An older and greater God . . .
The cardinal feature of Gnostic thought is the radical dualism that governs the relation of God and world, and correspondingly that of man and world. The deity is absolutely transmundane, its nature alien to that of the universe, which it neither created nor governs and to which it is the complete antithesis: the divine realm of light, self-contained and remote, the cosmos is opposed as the realm of darkness. The world is the work of lowly powers which though they may mediately be descended from Him do not know the true God and obstruct the knowledge of Him in the cosmos over which they rule . . .
It is significant that these are now often called by Old Testament names for God (Iao, Sabaoth, Adonai, Elohim, El Shaddai), which from being synonyms for the one and supreme God are by this transposition turned into proper names of inferior demonic beingsand example of the pejorative revaluation to which Gnosticism subjected ancient traditions in general and Jewish tradition in particular . . .
Hans Jonas, The Gnostic Religion
The positive pole of Gnostic dualism, to which Plotinus refers in the last citation, is a higher world which, portrayed in very varied and differing fashion, culminates in the assumption of a new otherworldly and unknown God, who dwells beyond all visible creation and is the real lord of the universe. The world is not his work, but that of a subordinate being . . .
Kurt Rudolph, Gnosis
After all, it has been a dozen years since he (C. Fitzsimmons Allison, retired Episcopal Bishop of South Carolina) decided he could no longer, with a clear conscience, receive communion during meetings of the U.S. House of Bishops.

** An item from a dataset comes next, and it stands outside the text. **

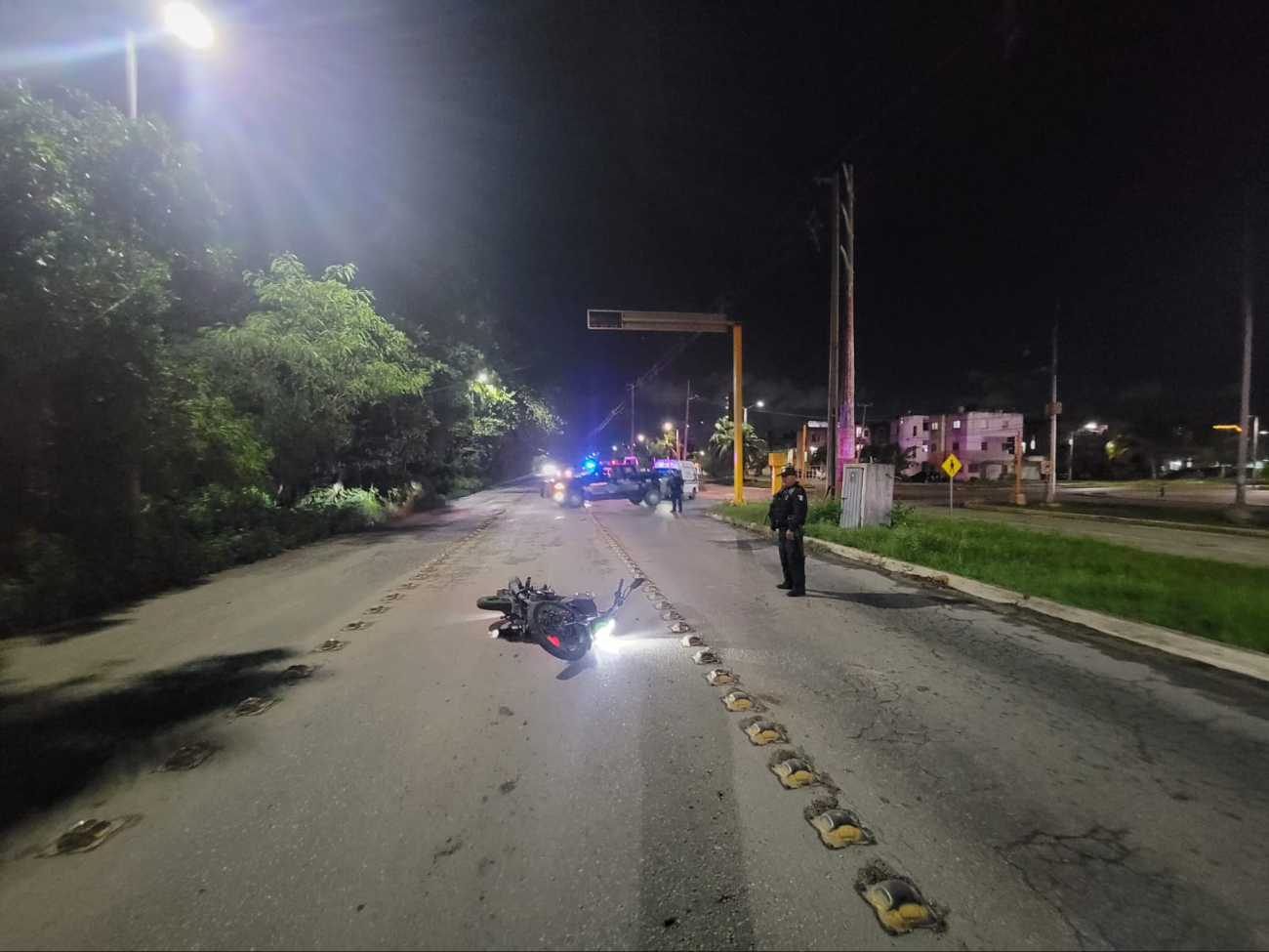 El aparatoso percance se registró en el transcurso de la madrugada, cuando el conductor de la motocicleta, marca Italika, circulaba en la avenida Bonampak en el sentido del centro de la ciudad hacia la Supermanzana 77, pero perdió el control y derrapó sobre su costado izquierdo en la cinta asfáltica.

During a Bible study, several bishops had said that they believed they worshipped a god that is older and greater than the God of the Bible. Others said they could not affirm this belief, but would not condemn it.
Eucharistic table became symbol of division, By Terry Mattingly (Scripps Howard News Service 09-MAR-05)
"When I was in seminary over ten years ago, at Sewanee, one of my professors was asked, in class, about what he thought of the resurrection. He was honest: Jesus is a bag of bones rotting outside of Jerusalem. He still teaches at that seminary."
Let's think about this for a moment.
If he really believes that is true, if anyone does, then why does he bother with Christianity at all?
If Jesus is really a bag of bones rotting outside of Jerusalem, and the Resurrection did not literally, really happen, then Christianity is a steaming pile of dung, a lie, and anyone teaching in a seminary, the seminary itself, and the Church that it is attached too is just a paid entertainer in a bad Disney theme park for ugly people who can't act.
If there was no Resurrection - no actual, real Resurrection - Christianity is a personality cult and, actually, Jesus was just a suicidal idiot who got himself and a bunch of his ignorant followers killed following him down the spider-hole into messianic dementia.
If the Resurrection didn't happen, Jesus was David Koresh.
If it did happen, Jesus was God.
There is no form of Christianity that can survive without belief in a literal Resurrection.